Соната ор. 110 восхищает меня еще больше: фуга здесь является элементом третьей (последней) части, которая вводится коротким пассажем из нескольких тактов с пометкой recitativo[4] (мелодия теряет свою распевность и становится словом, утрированная, с рваным ритмом, состоящая в основном из повторения одних и тех же шестнадцатых и тридцать вторых нот); затем следует композиция из четырех частей. Первая — ариозо (выдержанное в гомофонной конфактуре: мелодия на левой педали (una corda), в сопровождении аккордов в левой руке, характер: классически ясный); вторая — фуга; третья — вариация того же ариозо (та же мелодия становится экспрессивной, жалобной, романтически порывистой); четвертая — продолжение той же фуги, но с обратной (противоположной) темой (фуга звучит от piano до forte и в четырех последних тактах превращается в гомофонию, лишенную всяких признаков полифонии).
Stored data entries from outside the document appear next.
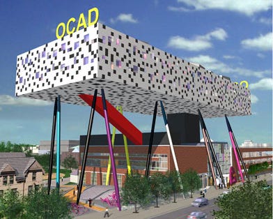 Behold the new $30 million Ontario College of Art & Design classroom and studio building by British architect Will Alsop -- a totemized retro-futuroid coffee table joined umbilically to its Soviet-style predecessor below. The message, apparently: art and design are nothing but fun fun fun. Nothing to get serious about. A playful spirit of induced hazard will keep students wondering when the checkered box might wobble free of its cute swizzle-stick legs and come crashing down on their heads. This exercise in hyper-entropic avant garde faggotry is so cutting edge that it is already out of date. The only question: which of the two conjoined buildings is more cruelly ridiculous?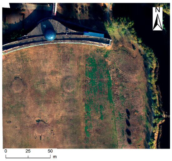 Eventually, the drone-based multispectral remote sensing images were converted into land surface reflectance data using Equation (8). Moreover, the individual images above were mosaiced together into a complete reflectance image covering the entire test region after performing photogrammetric orthorectification, and the mosaiced result is shown in Figure 9.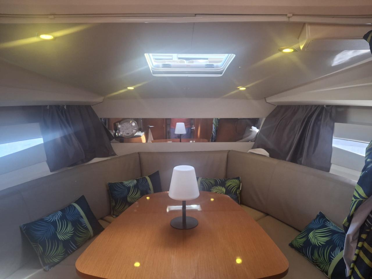 The Jeanneau Leader 8 is well known for its perfect balance between performance, comfort and build quality. This 2011 unit stands out thanks to its excellent overall condition and meticulous maintenance. It is powered by a Volvo Penta D4 260 hp diesel engine with only 485 hours, delivering strong torque, controlled fuel consumption and proven reliability.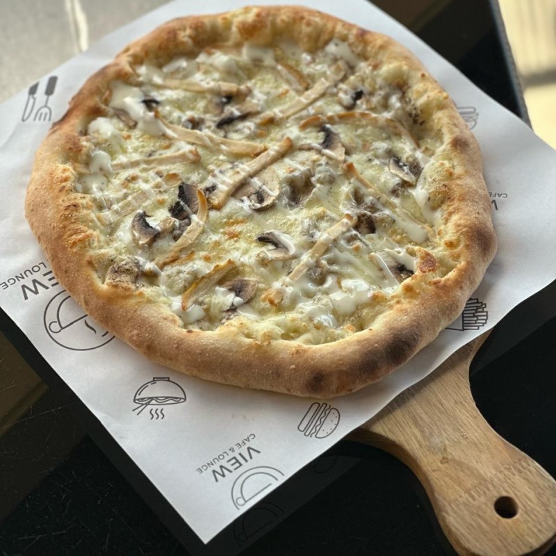 عجينة بيتزا طازجة مغطاة بصوص الرانش الكريمي بنكهة الترافل تُغطَّى بطبقة من الجبن الذائب وزيت الترفل+الماشروم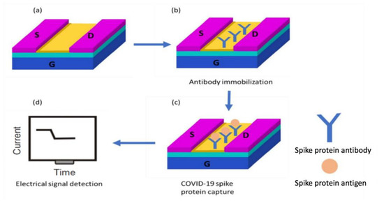 Figure 4a shows the SiNW-FET which consists of three terminals (source, drain, and gate) and a semiconducting channel. The channel connects the source and drain electrodes while the gate modulates the conductance via an applied electrical potential. The sensing element of the SiNW-FET is the channel that alters the current due to the placement of the target molecule. The SiNW-FET has a recognition molecule (spike antibody) attached to the channel surface as displayed in Figure 4b, which specifically detects the target molecule (spike protein) as displayed in Figure 4c leading to variation in the sensor current as displayed in Figure 4d. Before generating the current, it is highly critical to modify the sensor surface to enhance the nanodevice sensitivity. The SiNW-FET channel was modified and coated with the COVID-19 spike protein antibody.

Итак, на десятиминутном отрезке эта третья часть (включая краткий пролог recitativo) отличается невероятным многообразием эмоций и форм; однако слушатель не осознает этого, настолько естественно и просто выглядит эта сложность. (Пусть это служит примером: формальные новшества великих мастеров всегда выглядят весьма сдержанно, в этом и состоит истинное совершенство, и только у второстепенных художников новшества привлекают к себе внимание.)

Вводя фугу (идеальную форму полифонии) в сонату (идеальную форму музыки классицизма), Бетховен словно кладет руку на шрам, образовавшийся на стыке двух великих эпох: одной, что пролегает от ранней полифонии XII века до Баха, и другой, опирающейся на то, что принято называть гомофонией. Он словно спрашивает себя: принадлежит ли мне еще наследие полифонии? И если да, как полифония, требующая, чтобы каждый голос был хорошо различим, может приспособиться к оркестру, недавнему изобретению (так же, как и превращение старого скромного пианино в «Hummerklavier»), богатое звучание которого больше не позволяет различить отдельные голоса? И как безмятежность и умиротворенность полифонии могли бы сопротивляться эмоциональной субъективности музыки, появившейся вместе с классицизмом? Могут ли сосуществовать эти две столь противоположные концепции музыки? И сосуществовать в одном произведении (соната опус 106)? И более того, в одной и той же части музыкального произведения (последней части опуса 110)?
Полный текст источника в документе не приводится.